▶ Work instructions: Although the material holds pictures, none belong in the copy; transcribe exactly, and only, the lines from the one with "We were grateful" through the end.

▶ Collected data:
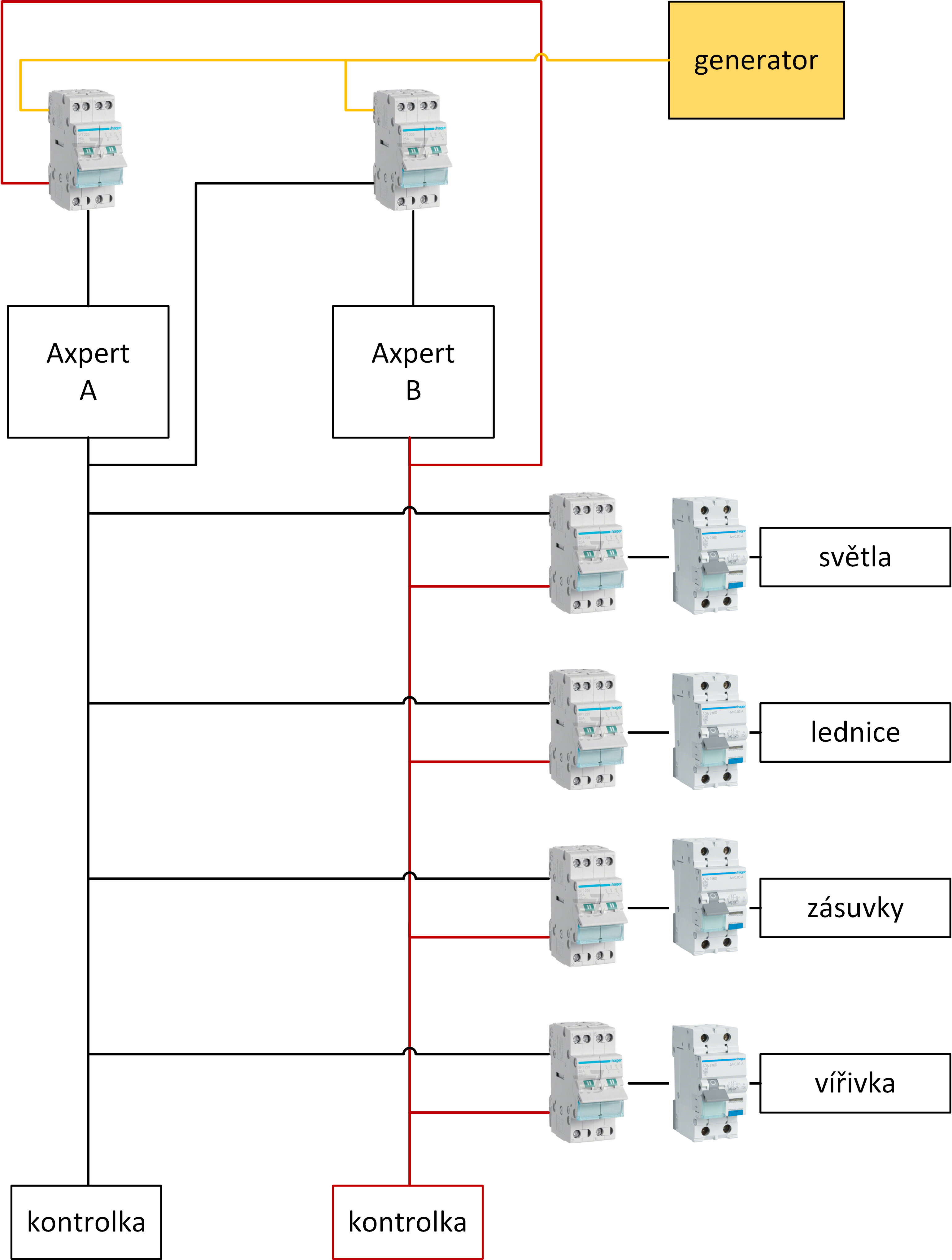 . Ta výstupní přepínací inspirace je také dobrá, protože to umožňuje využít výkonu obou Axpertů, ale nevím, mám pocit, že už jsem za elektrikářská hejblátka utratil dost a nabourává to jakoby onen plný zálohovací modus (3 kW should be enough for everybody).
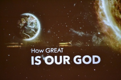 We were grateful for those from BFA who cared for the over ten children who came to this event. Promptly at 6:30 pm, Trevor M opened the meeting with prayer and shared “Why do we worship?” A short video was presented with the theme of “Our Great God”. Then we were blessed with the BFA Praise Team, (TM, HM, RR, AR, BR BJ) who led the congregation (approx 100) with “Our God, Open up the Heavens, Lay me Dow, God is able, Christ is enough and Forever Reign.”
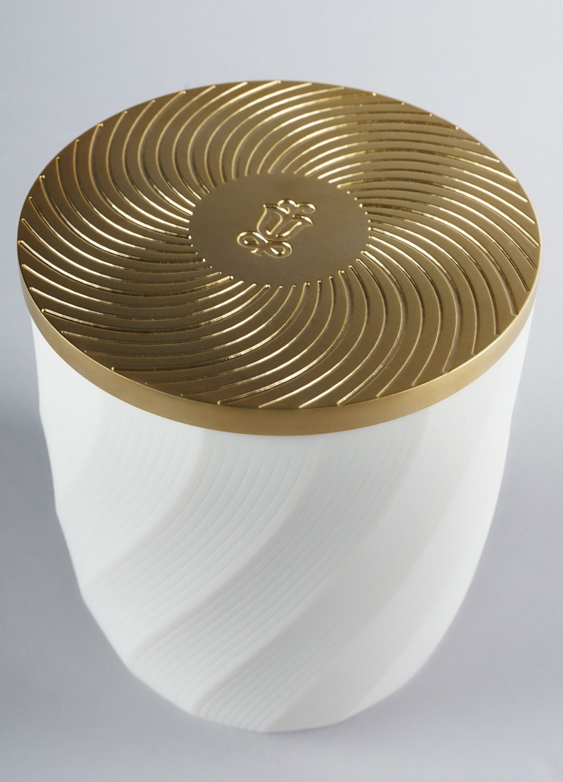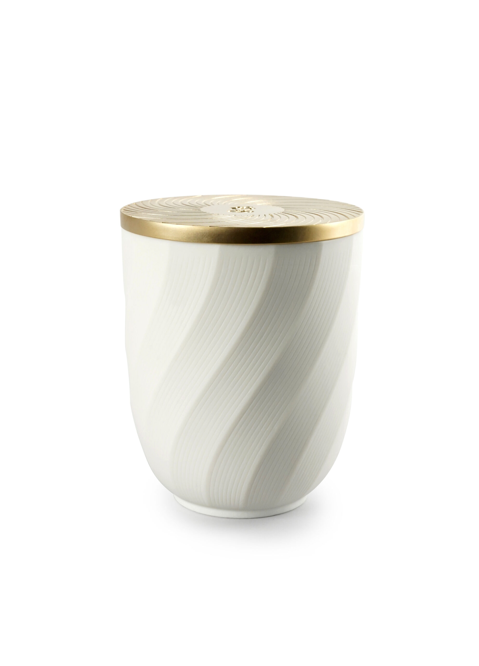 Made in white matte porcelain and decorated with a metal cover. It contains 480 gr of natural wax scented with “Vanilla Scent”, a fragrance with sweet notes of vanilla and patchouli. The piece combines functionality and great decorative beauty. Ideal as a gift or for collectors. Handcrafted in Spain.

▶ Response area:
 We were grateful for those from BFA who cared for the over ten children who came to this event. Promptly at 6:30 pm, Trevor M opened the meeting with prayer and shared “Why do we worship?” A short video was presented with the theme of “Our Great God”. Then we were blessed with the BFA Praise Team, (TM, HM, RR, AR, BR BJ) who led the congregation (approx 100) with “Our God, Open up the Heavens, Lay me Dow, God is able, Christ is enough and Forever Reign.”
 Made in white matte porcelain and decorated with a metal cover. It contains 480 gr of natural wax scented with “Vanilla Scent”, a fragrance with sweet notes of vanilla and patchouli. The piece combines functionality and great decorative beauty. Ideal as a gift or for collectors. Handcrafted in Spain.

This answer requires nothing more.